Exercise goal: Restate all of the following data exactly, keeping any images out of the copy.

Stored data:
_____

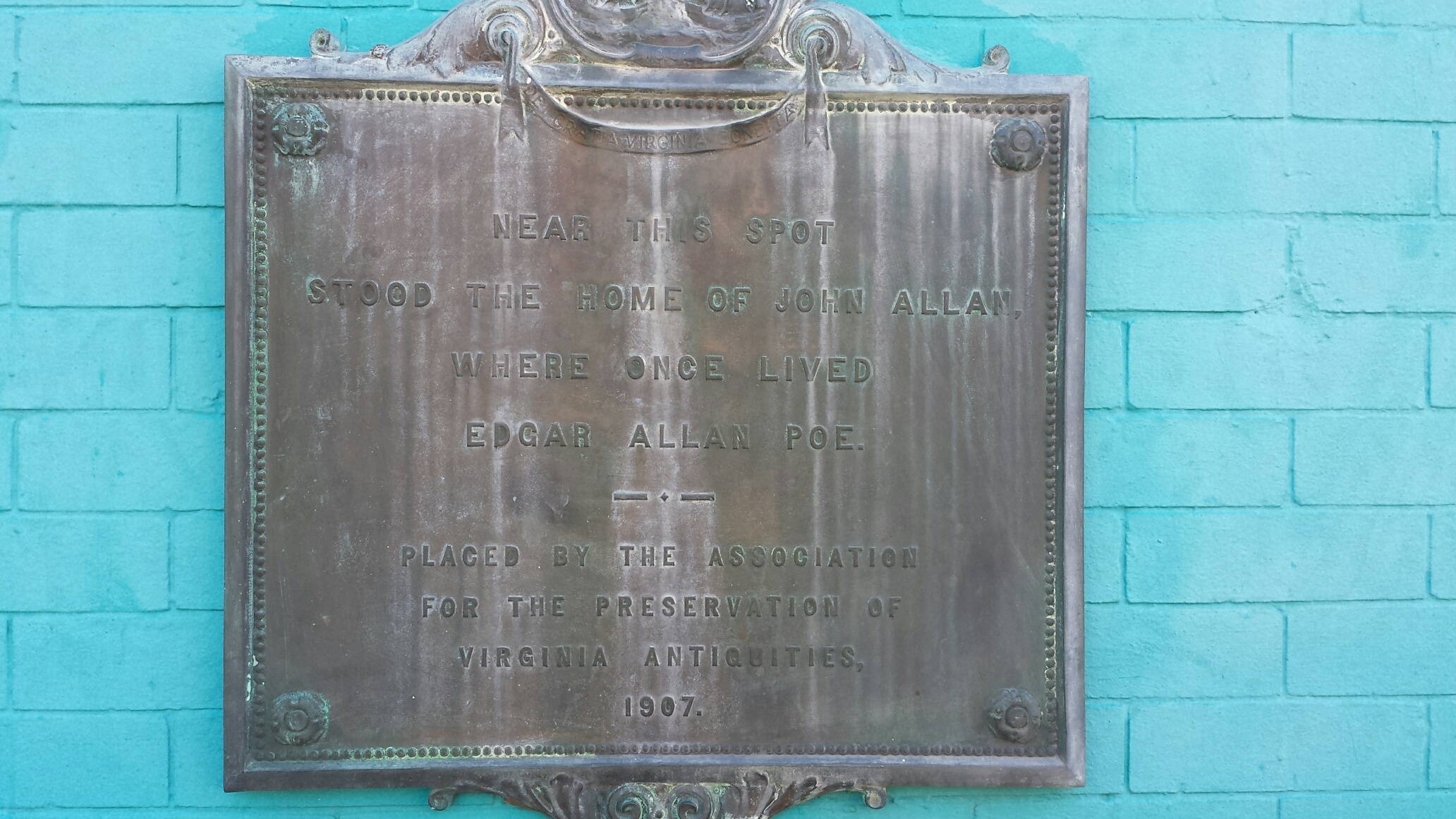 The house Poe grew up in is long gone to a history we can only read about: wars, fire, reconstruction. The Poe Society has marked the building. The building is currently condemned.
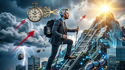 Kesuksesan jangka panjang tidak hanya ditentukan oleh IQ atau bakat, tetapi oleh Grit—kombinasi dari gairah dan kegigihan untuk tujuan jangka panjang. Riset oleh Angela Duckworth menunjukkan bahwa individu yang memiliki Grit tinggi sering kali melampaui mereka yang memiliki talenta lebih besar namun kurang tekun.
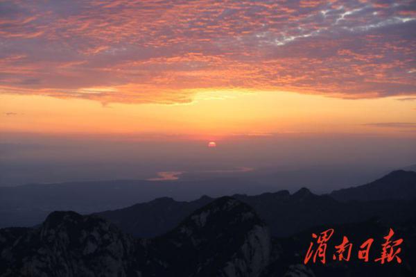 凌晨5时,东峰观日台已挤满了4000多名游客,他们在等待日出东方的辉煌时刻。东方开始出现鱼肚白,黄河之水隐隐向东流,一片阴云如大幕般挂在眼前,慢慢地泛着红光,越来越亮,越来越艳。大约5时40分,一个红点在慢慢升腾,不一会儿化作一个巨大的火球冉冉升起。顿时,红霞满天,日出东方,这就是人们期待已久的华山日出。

_____

Response:
 The house Poe grew up in is long gone to a history we can only read about: wars, fire, reconstruction. The Poe Society has marked the building. The building is currently condemned.
 Kesuksesan jangka panjang tidak hanya ditentukan oleh IQ atau bakat, tetapi oleh Grit—kombinasi dari gairah dan kegigihan untuk tujuan jangka panjang. Riset oleh Angela Duckworth menunjukkan bahwa individu yang memiliki Grit tinggi sering kali melampaui mereka yang memiliki talenta lebih besar namun kurang tekun.
 凌晨5时,东峰观日台已挤满了4000多名游客,他们在等待日出东方的辉煌时刻。东方开始出现鱼肚白,黄河之水隐隐向东流,一片阴云如大幕般挂在眼前,慢慢地泛着红光,越来越亮,越来越艳。大约5时40分,一个红点在慢慢升腾,不一会儿化作一个巨大的火球冉冉升起。顿时,红霞满天,日出东方,这就是人们期待已久的华山日出。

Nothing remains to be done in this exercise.